"Never repress anything": 5 questions about Cronenberg's A Dangerous Method

Delightfully constrained, given to occasional lapses in narrative coherence, David Cronenberg's A Dangerous Method struck me as both humorous and thought-provoking.  What to make of ground-breaking psychiatrists earnestly analyzing their sexual impulses and taking notes?  Set in the early 20th century, the film reminded me of Scorsese's The Age of Innocence--lots of desire under buttoned-up Edwardian clothes, seven years of letters being written back and forth between Vienna and Zurich as Jung (a bespectacled Michael Fassbender) and Freud (Viggo Mortenson) figure out what to do with the madly passionate and brilliant Sabina Spielrein (Keira Knightley) who tends to thrust her jaw out and convulse when she isn't jumping into the Burgholzi clinic's pond as she confronts her father issues (many people in this movie have father issues). From an early age, Sabina found that her father's spankings excited her, and Jung takes a while to consider what to do about this patient who develops the hots for him. Jung, meanwhile, has a chilly blonde and rich Swiss wife named Emma (Sarah Gadon) who wants to bear him a son when she isn't buying him a sailboat with symbolically red sails.  As Freud puffs on his cigar and walks repeatedly past a sculpture of a sphinx in some park in Vienna, the two doctors analyze each other's dreams as best they can ("I believe the log represents the penis").

Torn by his dread of violating his patient-doctor ethics, Jung still has to figure out what to do about Sabina. As she says, "I want you to punish me." Uncertain, Jung finds himself lured by the loose talk of bearded Otto Gross (Vincent Cassel), one of Freud's more unscrupulous proteges ironically in need of therapy at Burgholzi. An anarchist, an early hippie, and my favorite character in the movie, Otto lives by the rule "Never repress anything," and its fun to see him convert Jung into seriously considering polygamy, falling prey to the intrigue that he's inclined toward anyway (as in The Black Swan, Cassel again proves adept at stealing his scenes).

While I like the film overall (it made me realize how much I respect Cronenberg even more than Freud), it did leave me with some questions:

1) What's the deal with the sphinx?

2) What are we to make of Cronenberg's use of water imagery? The film moves from Sabina's muddy immersion in a pond, to Jung and Sabina blissfully curled up in the hull of his sailboat as it drifts unmoored, to Jung (spoiler alert) emulating Michael Corleone of The Godfather: Part II (1974) as he sits on land and looks meditatively out over the water in the final shot of the movie. Are we supposed to associate water with passion, freedom, immersion in subconscious drives? Also, Jung has a prophetic dream of a flood of blood overwhelming Europe, hinting at the first World War.

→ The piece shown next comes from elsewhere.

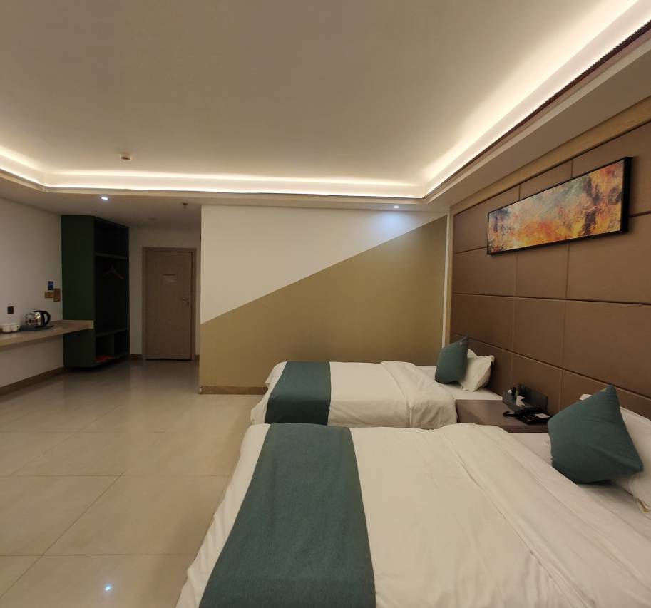 非常满意的一次入住体验!店家派车去港口接我们一行 5 大 2 小回酒店(不敢想像这个价位的酒店可以提供接送服务)!刚到酒店刚好遇到大雨,司机师傅和前台的小姐姐出门口帮我们撑伞从车上下来!我们没淋湿但他们却淋湿了!非常的不好意思!房间很大!空调打到凉!大堂隔壁就有一个 24 小时的小超市,买东西很方便!附近有饭店价格也亲民!此行徐闻行主要是去看南极村和登云塔和去一中夜市吃生蚝🦪!我们七个人到南山车站包了一辆商务车去到南极村,结果大失所望,,登云塔和一中夜市很近走路就可以到!以后有机会还会选择入住✌️!

3) Jung tells Freud that with his psychoanalytical techniques he has opened the door to a new land.  Later, the two men travel to America in a Titanic-like ship where Freud causes the first major rift in their relationship by refusing in divulging in his dreams, saying that "To do so I would lose my authority."Are these things related?

4) Later, Jung confesses to Sabina that she is the love of his life. Why doesn't Cronenberg sufficiently dramatize this? Given her desperate quest to seduce him earlier, the film tends to relish but not really flesh out these ironic reversals.

5) How much are Freud's and Jung's theories oversimplified and caricatured to fit into the confines of this movie? The film did make me want to read Jung's essay "Synchronicity: An Acausal Connecting Principle."

Comments

Anonymous said…
1. The Sphinx was one of Freud's favorite objects/images.

2. I was also struck by the last Corleone shot of Fassbinder. Did Cronenberg see these guys as criminals?

3. The relationship between Freud and Jung in the movie reminded me of Tom Cruise and Brad Pitt in "Interview with the Vampire". I only remember one scene at night in the film (The brief scene on deck of the ship where Freud admits his fear/anxiety over Jung's powers). Did Cronenberg see these guys as some kind of reverse-Vampires?
Thanks, Anon,

I doubt if Cronenberg saw Jung as a criminal. It does seem a shame that he didn't have more time to develop the relationship between Freud and Jung. As in so many biopics, the film only has room to hit the highlights of their friendship/falling out. With all due respect to the movie's production values, I still find Freud's tendency to symbol-monger Jung's dreams humorous.